Эта беспримесная логика, помимо нашего собственного сознания, была для нас какою то сверхчеловеческой, самодовлеющей метафизической сущностью, обитавшей в людских умах, как бог непоследовательного пантеиста в природе; мы видели, что, пресуществляясь, она "входит" в какие-то "химические соединения" с {73} людскими чувствами и волеустремлениями, но это были для нас лишь "внешние примеси", которые ничего не стоило "отшелушить". Что мысль сама есть один из видов человеческой активности и в смысле ее "волеустремлений", что каждая фаза мысли есть в то же время одно из эмоциональных "переживаний" породившего ее творческого интеллекта – это нам как-то не приходило в голову.

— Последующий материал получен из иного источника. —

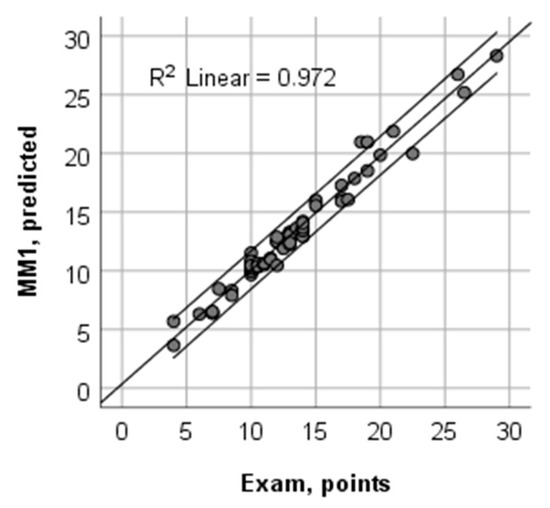 The idea arose to combine the four best models—two CART and two CART-EB models for regression of the dependent variable Exam. A linear MARS method was applied. Three models with predictors M1, M4, E6 and E7 were built. The models showed very close goodness-of-fit indices. The final model selected, MM1, used M1 and E7 and achieved RMSE = 0.804 and Theil’s accuracy coefficient This model showed a significant improvement in the prediction of the lowest and highest exam scores.

И это несмотря на то, что на нас самих мы могли бы убедиться в этом легче всего, ибо если позволено будет так выразиться – в венах и артериях нашего интеллекта бежала молодая горячая кровь, а вовсе не бледная, обескровленная сыворотка "чистой логики". Но это был самообман, обычный "на заре туманной юности".

Но порою веяния жизни развевали предрассветный туман нашего сознания, и действительность в плоти и крови казала нам свой уголок. "Вихри идей" прорезывались таким властным вмешательством унаследованных вековых страданий, что становилось жутко. Так случилось со мной, когда я захотел поведать Якову Виленскому, что в Питере "начинается", что всех нас зовут "cорганизоваться", слиться "в общую группу", потому что скоро "пробьет час"...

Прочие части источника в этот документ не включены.